Research Institute for Signals, Systems and Computational Intelligence (sinc(i)), FICH-UNL, CONICET, Ciudad Universitaria UNL, Santa Fe 3000, Argentina.
Bioengineering and Bioinformatics Research and Development Institute (IBB), FI-UNER, CONICET, Entre Ríos 3100, Argentina.
Bioinformatics. 2021 Apr 5;36(24):5571-5581. doi: 10.1093/bioinformatics/btaa1002.
The Severe Acute Respiratory Syndrome-Coronavirus 2 (SARS-CoV-2) has recently emerged as the responsible for the pandemic outbreak of the coronavirus disease 2019. This virus is closely related to coronaviruses infecting bats and Malayan pangolins, species suspected to be an intermediate host in the passage to humans. Several genomic mutations affecting viral proteins have been identified, contributing to the understanding of the recent animal-to-human transmission. However, the capacity of SARS-CoV-2 to encode functional putative microRNAs (miRNAs) remains largely unexplored.

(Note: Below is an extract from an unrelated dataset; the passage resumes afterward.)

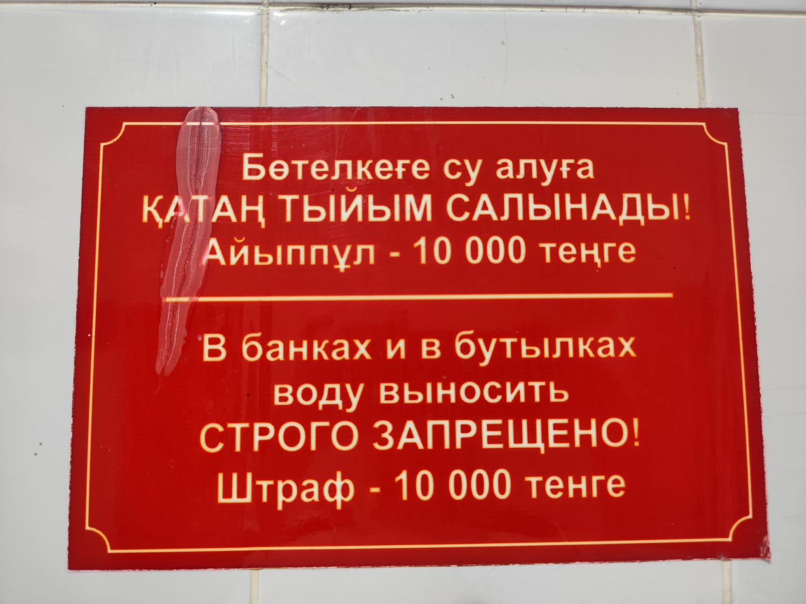 На железнодорожном вокзале Алматы-2 возле раковин красуется другое объявление, предупреждающее о запрете на мытьё ног.

We have used deep learning to discover 12 candidate stem-loop structures hidden in the viral protein-coding genome. Among the precursors, the expression of eight mature miRNAs-like sequences was confirmed in small RNA-seq data from SARS-CoV-2 infected human cells. Predicted miRNAs are likely to target a subset of human genes of which 109 are transcriptionally deregulated upon infection. Remarkably, 28 of those genes potentially targeted by SARS-CoV-2 miRNAs are down-regulated in infected human cells. Interestingly, most of them have been related to respiratory diseases and viral infection, including several afflictions previously associated with SARS-CoV-1 and SARS-CoV-2. The comparison of SARS-CoV-2 pre-miRNA sequences with those from bat and pangolin coronaviruses suggests that single nucleotide mutations could have helped its progenitors jumping inter-species boundaries, allowing the gain of novel mature miRNAs targeting human mRNAs. Our results suggest that the recent acquisition of novel miRNAs-like sequences in the SARS-CoV-2 genome may have contributed to modulate the transcriptional reprograming of the new host upon infection.
https://github.com/sinc-lab/sarscov2-mirna-discovery.
Supplementary data are available at Bioinformatics online.
严重急性呼吸系统综合症冠状病毒 2(SARS-CoV-2)最近成为导致 2019 年冠状病毒病大流行的罪魁祸首。这种病毒与感染蝙蝠和马来亚穿山甲的冠状病毒密切相关,这两种动物被怀疑是病毒传播到人类的中间宿主。已经鉴定出几种影响病毒蛋白的基因组突变,有助于了解最近的动物向人类传播。然而,SARS-CoV-2 编码功能性假定微小 RNA(miRNA)的能力在很大程度上仍未得到探索。
我们使用深度学习技术在病毒蛋白编码基因组中发现了 12 个候选茎环结构。在这些前体中,在感染 SARS-CoV-2 的人类细胞的小 RNA-seq 数据中证实了 8 个成熟 miRNA 样序列的表达。预测的 miRNA 可能靶向人类基因的一部分,其中 109 个在感染时转录失调。值得注意的是,这些基因中有 28 个可能被 SARS-CoV-2 miRNAs 靶向,在感染的人类细胞中下调。有趣的是,其中大多数与呼吸疾病和病毒感染有关,包括与 SARS-CoV-1 和 SARS-CoV-2 相关的几种疾病。SARS-CoV-2 前 miRNA 序列与蝙蝠和穿山甲冠状病毒的序列进行比较表明,单核苷酸突变可能帮助其前体跨越种间界限,获得针对人类 mRNA 的新成熟 miRNA。我们的研究结果表明,SARS-CoV-2 基因组中新获得的类似 miRNA 序列可能有助于调节感染后新宿主的转录重编程。
https://github.com/sinc-lab/sarscov2-mirna-discovery。
补充数据可在生物信息学在线获得。